Olivia Manning, Der größte Reichtum, 1960, dt. 2020 (Neuübersetzung aus dem Englischen von Silke Jellinghaus), Rowohlt Hundert Augen, 463 Seiten.

Der Roman erschien 1960 unter dem Titel „The Great Fortune“, er wurde in gekürzter Form auf Deutsch als „Im Fluß der Zeit“ veröffentlicht. Es handelt sich um den ersten Band der sogenannten Balkan-Trilogie, in der die Autorin persönliche Erfahrungen verarbeitet.
Ein junges englisches Ehepaar lebt zu Beginn des Zweiten Weltkrieges in Bukarest, wo der Mann, Guy Pringle, als Dozent für englische Sprache an der Universität arbeitet. Seine Frau Harriet hat ihn nach der Hochzeit in London dorthin begleitet und muß sich in sein Leben in der rumänischen Hauptstadt einfinden.
Das Buch lebt von Ambivalenzen und Gegensätzen. Rumänien liegt in der europäischen Peripherie, aber Bukarest sieht sich als europäische Metropole. Das Land ist reich an Rohstoffen, aber die Mehrheit der Bevölkerung vegitiert in schreiender Armut. Guy liebt seine Frau, kümmert sich aber vor allem um andere Menschen. Die Pringles müssen sparen, aber Guy ist sehr freigiebig. Die 21-jährige Harriet wird als freigeistig und selbständig geschildert, aber sie ist natürlich gefangen im Denken der Konvention.
Manning beschreibt genau und plastisch: Stimmungen, Personen, Orte – alles wird sehr lebendig und eindringlich geschildert. Als Leser rutscht man gleichsam in die Geschichte hinein, und es fühlt sich an als kennte man die Pringles schon sehr gut, aber auch viele der zahllosen Nebenfiguren.
Die geschilderten Typen sind skurril, ihre vielfältigen Vergnügungen – die im Laufe der Handlung weniger werden – erscheinen wie ein Tanz auf dem Vulkan. Doch kriegsbedingte Mangelwirtschaft und fehlendes Geld engen die Spielräume stetig ein.
Am Ende steht – sehr englisch! – eine Laienaufführung von Shakespeares „Troilus und Cressida“, deren triumphaler Erfolg freilich von der bloßen Nachricht der Einnahme von Paris durch die Wehrmacht aus dem kollektiven Bewußtsein gestrichen wird.
Dies ist ein gut lesbarer, flüssig erzählter Roman. Ich habe gerne und gefesselt in den Buch gelesen.
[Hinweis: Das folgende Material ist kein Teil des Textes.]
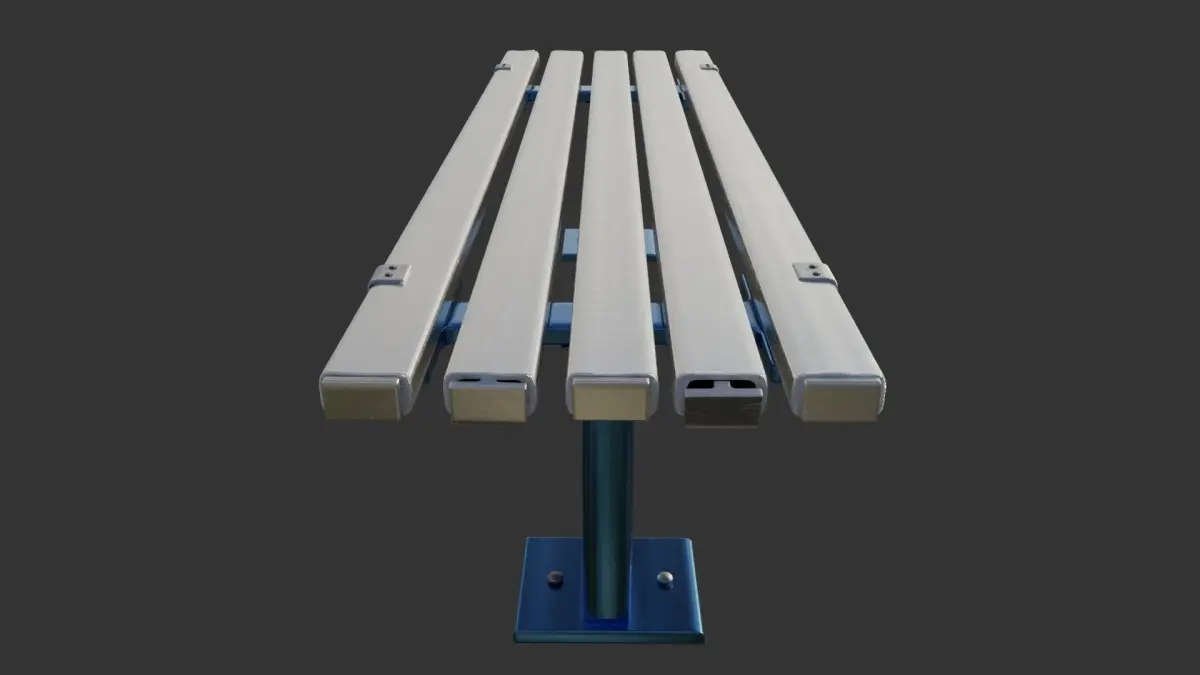 This bench would look great in a clean pristine environment - perhaps a garden or picnic / park area. The reflective PBR metal workflow (as captured in the renders from Blender using Cycles Rendering using the metal textures from Poliigon) will really help deliver a sense of depth and realism in your scene, bringing out the colours and other intricacies of that your surrounding scene has to offer. The additional 'scratched' overlay texture can be added to the seat poles as well, adding more wear to your model as seen in the renders, however it's not essential.

Der andere Blickwinkel auf den Zweiten Weltkrieg von der südostlichen Peripherie Europas aus ist interessant, die Kritik an den Zuständen vor Ort ist recht klischeebeladen. Die Gruppe der britischen Expats versammelt eine Reihe wunderlicher Typen, deren Zusammentreffen die Handlung würzt.